Le début de l’année 2026 devait consacrer la symphonie parfaite d’un trio gouvernemental rodé. Mais les chiffres tombés en janvier ont la dureté d’une taupe : 1.037,5 milliards de CDF de déficit, un trou de 350 milliards plus profond que prévu. Face à cette contre-performance, le gouvernement n’a eu d’autre choix que de se ruer vers le marché financier local pour émettre des bons du Trésor.
Dans ce triangle des Bermudes budgétaire formé par Adolphe Muzito (VPM Budget), Daniel Mukoko Samba (VPM Économie) et Doudou Fwamba (Ministre des Finances), l’heure n’est plus aux discours de façade. L’un d’eux tire visiblement en travers, et l’attelage tousse dangereusement. Adolphe Muzito incarne la rigueur budgétaire affichée. Il a réuni les partenaires techniques et financiers, promis un budget crédible et soutenable, et orchestré l’adoption d’un budget 2026 en équilibre à 54.335,7 milliards de CDF.

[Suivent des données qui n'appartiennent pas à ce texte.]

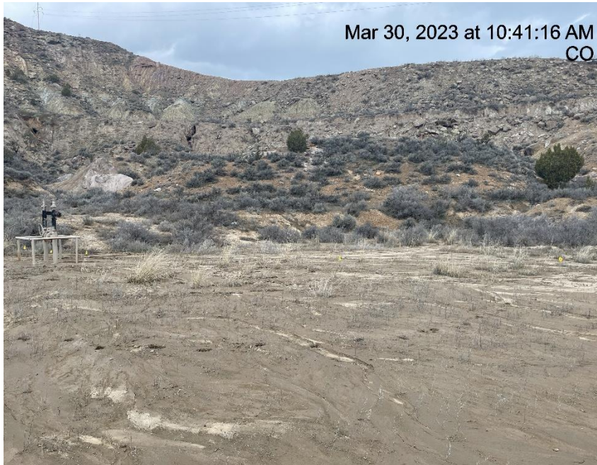
Photo # 3646 Insufficient run on controls/BMP's & transport of sediment onto location/sediment choking off vegetation (NW side of pad)

Sur le papier, il coche toutes les cases de l’orthodoxie financière. Mais cette discipline a un revers : le budget qu’il présente est un château de cartes si les recettes ne suivent pas. Or, janvier 2026 montre que les recettes n’ont atteint que 86% des prévisions. Adolphe Muzito n’est pas le problème, mais il est le premier à pâtir des faiblesses structurelles. Il construit de belles maisons sur des fondations qui s’effritent, et ses projections trop optimistes fragilisent son rôle de projectionniste.
Daniel Mukoko Samba, lui, joue dans la cour des grands. Son terrain de jeu, c’est Washington, les accords américains, et la diversification des partenaires pour sortir de l’emprise chinoise. Sa métaphore est élégante : “Sur un vélo, il faut deux pieds pour pédaler : l’économie et la sécurité”. Grâce à lui, la RDC tente de réussir le pari d’utiliser ses minerais stratégiques pour attirer les investissements américains. Mais pendant qu’il pédale sur le vélo de la diplomatie économique, la selle craque sous les réalités quotidiennes.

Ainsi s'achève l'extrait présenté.